[Dataset records]
[Start of section]

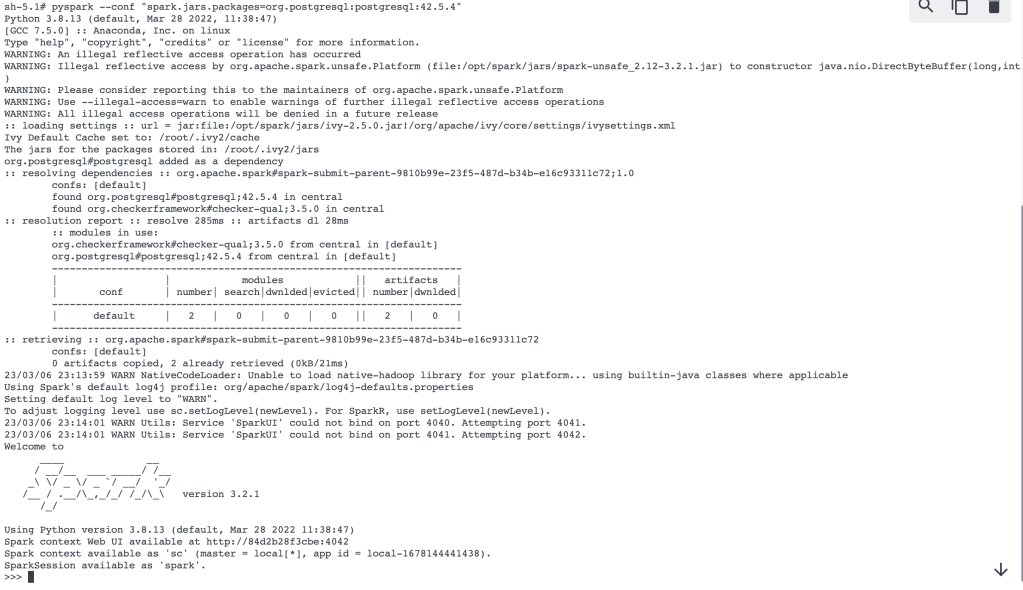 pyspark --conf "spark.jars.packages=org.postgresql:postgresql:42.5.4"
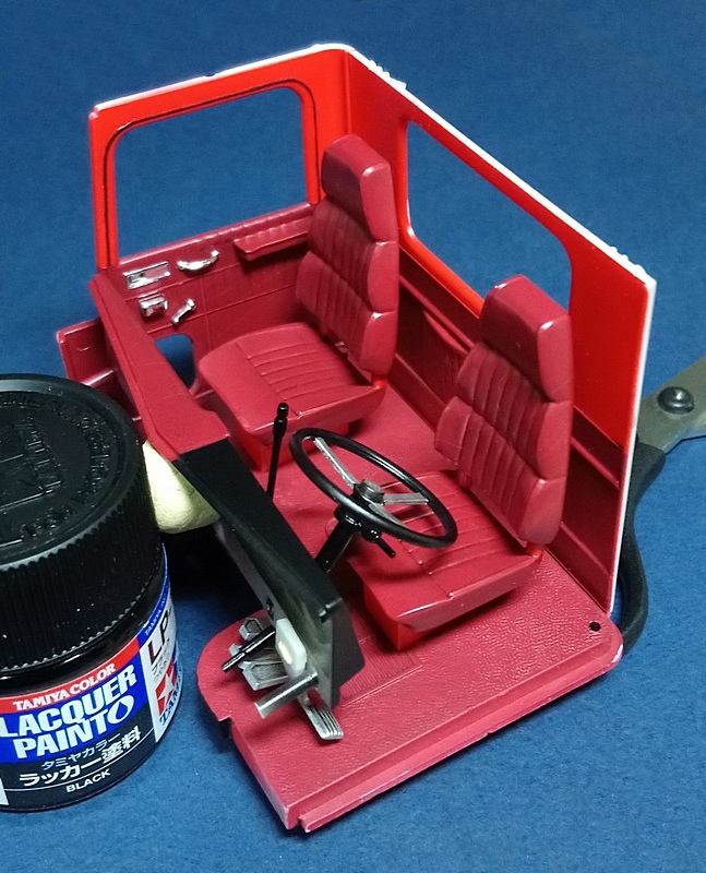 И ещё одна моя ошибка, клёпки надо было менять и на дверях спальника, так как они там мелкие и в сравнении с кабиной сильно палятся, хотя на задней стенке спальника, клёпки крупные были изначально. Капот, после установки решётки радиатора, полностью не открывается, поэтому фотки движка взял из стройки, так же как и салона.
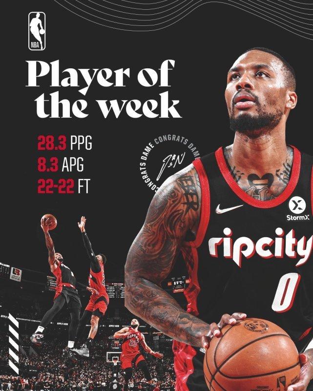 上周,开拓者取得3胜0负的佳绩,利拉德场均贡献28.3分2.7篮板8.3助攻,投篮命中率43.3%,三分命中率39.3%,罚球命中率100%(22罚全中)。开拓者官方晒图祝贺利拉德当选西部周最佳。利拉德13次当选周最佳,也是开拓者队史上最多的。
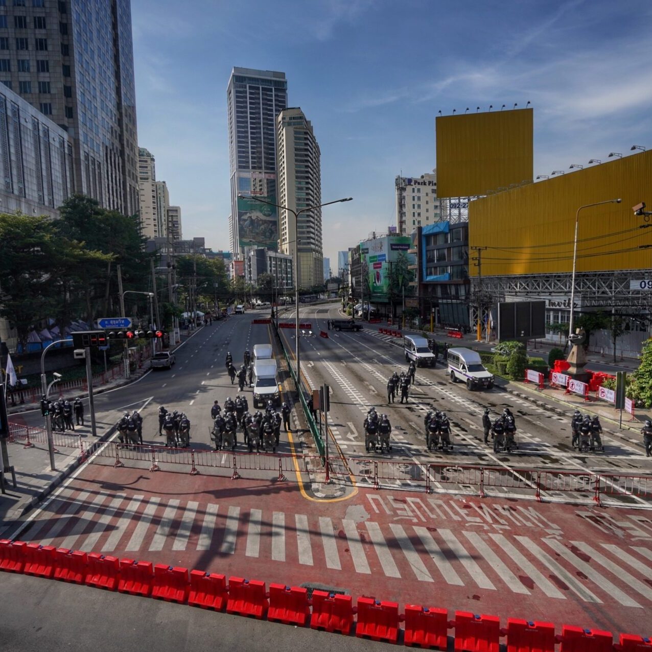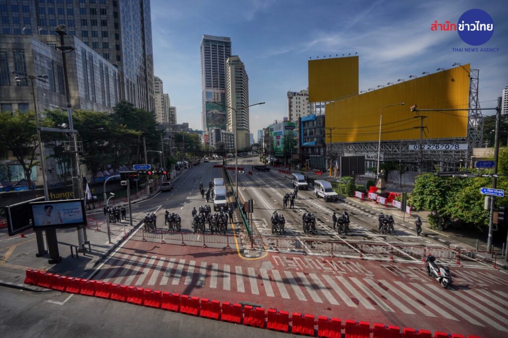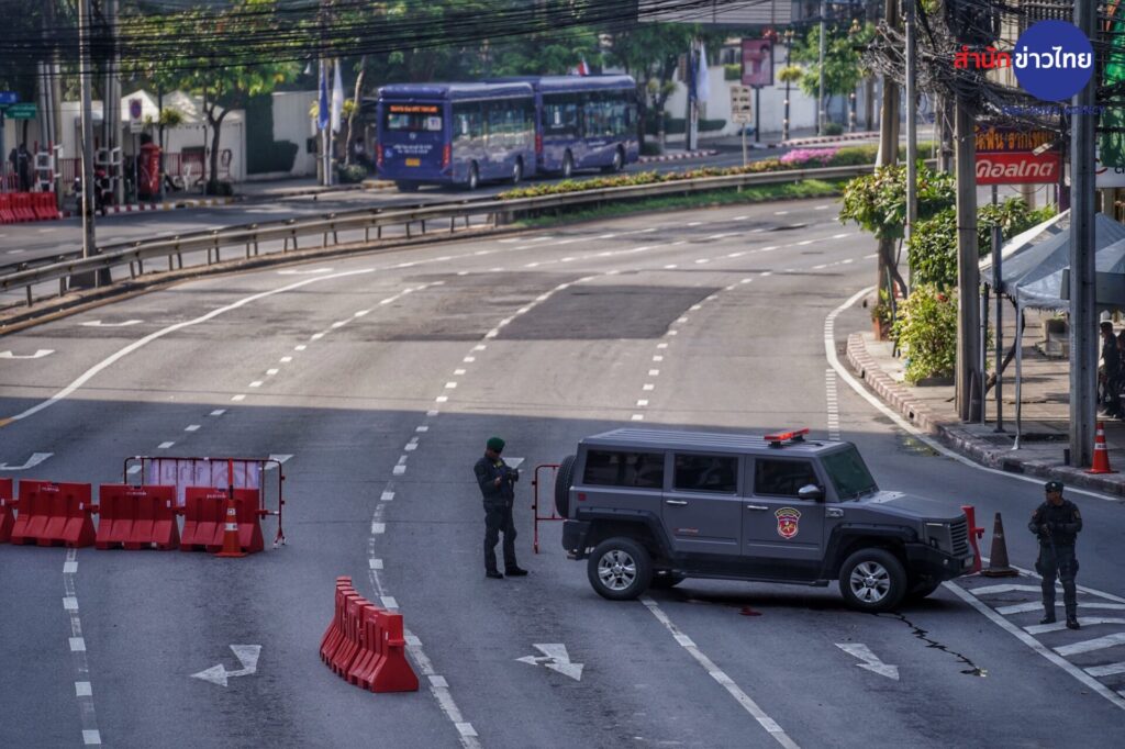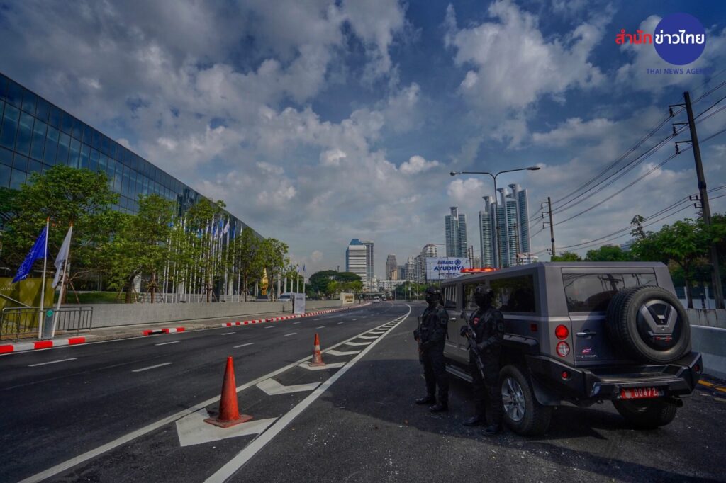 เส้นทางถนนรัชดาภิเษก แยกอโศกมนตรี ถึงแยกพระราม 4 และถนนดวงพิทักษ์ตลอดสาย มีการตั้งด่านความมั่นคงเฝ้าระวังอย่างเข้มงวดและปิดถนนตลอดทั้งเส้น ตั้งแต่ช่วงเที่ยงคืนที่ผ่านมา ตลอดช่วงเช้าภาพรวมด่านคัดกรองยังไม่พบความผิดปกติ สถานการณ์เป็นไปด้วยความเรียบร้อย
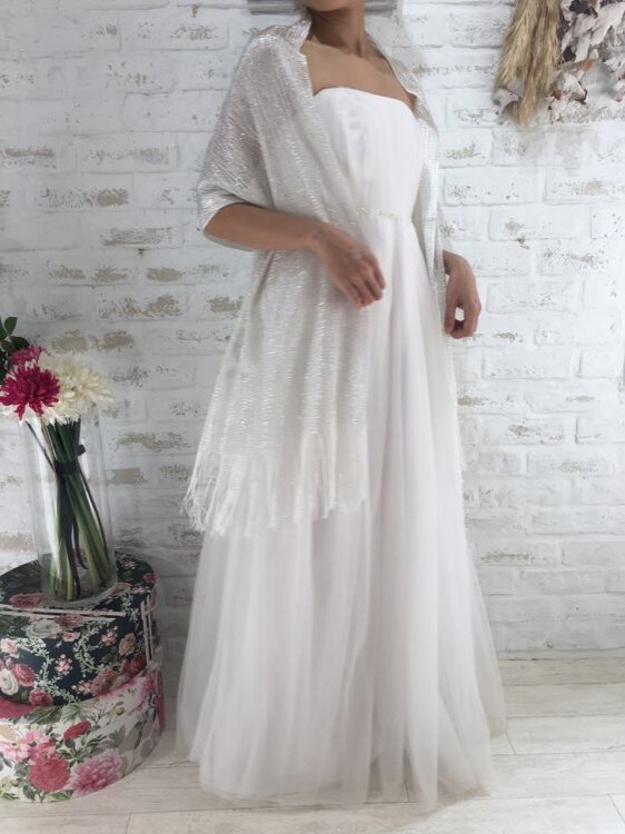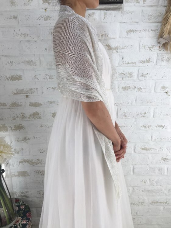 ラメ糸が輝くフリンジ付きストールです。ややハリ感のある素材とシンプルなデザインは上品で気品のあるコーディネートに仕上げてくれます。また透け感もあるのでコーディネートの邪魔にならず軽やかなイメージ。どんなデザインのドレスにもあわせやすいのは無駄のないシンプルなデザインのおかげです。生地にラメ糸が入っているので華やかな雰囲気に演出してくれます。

[End of section]

[Your objective]
Retype, exactly and only, the lines from the one containing "เส้นทางถนนรัชดาภิเษก แยกอโศกมนตรี ถึงแยกพระราม" through the end of the entries, both ends included, and omit all pictures.

[Reply]
 เส้นทางถนนรัชดาภิเษก แยกอโศกมนตรี ถึงแยกพระราม 4 และถนนดวงพิทักษ์ตลอดสาย มีการตั้งด่านความมั่นคงเฝ้าระวังอย่างเข้มงวดและปิดถนนตลอดทั้งเส้น ตั้งแต่ช่วงเที่ยงคืนที่ผ่านมา ตลอดช่วงเช้าภาพรวมด่านคัดกรองยังไม่พบความผิดปกติ สถานการณ์เป็นไปด้วยความเรียบร้อย
 ラメ糸が輝くフリンジ付きストールです。ややハリ感のある素材とシンプルなデザインは上品で気品のあるコーディネートに仕上げてくれます。また透け感もあるのでコーディネートの邪魔にならず軽やかなイメージ。どんなデザインのドレスにもあわせやすいのは無駄のないシンプルなデザインのおかげです。生地にラメ糸が入っているので華やかな雰囲気に演出してくれます。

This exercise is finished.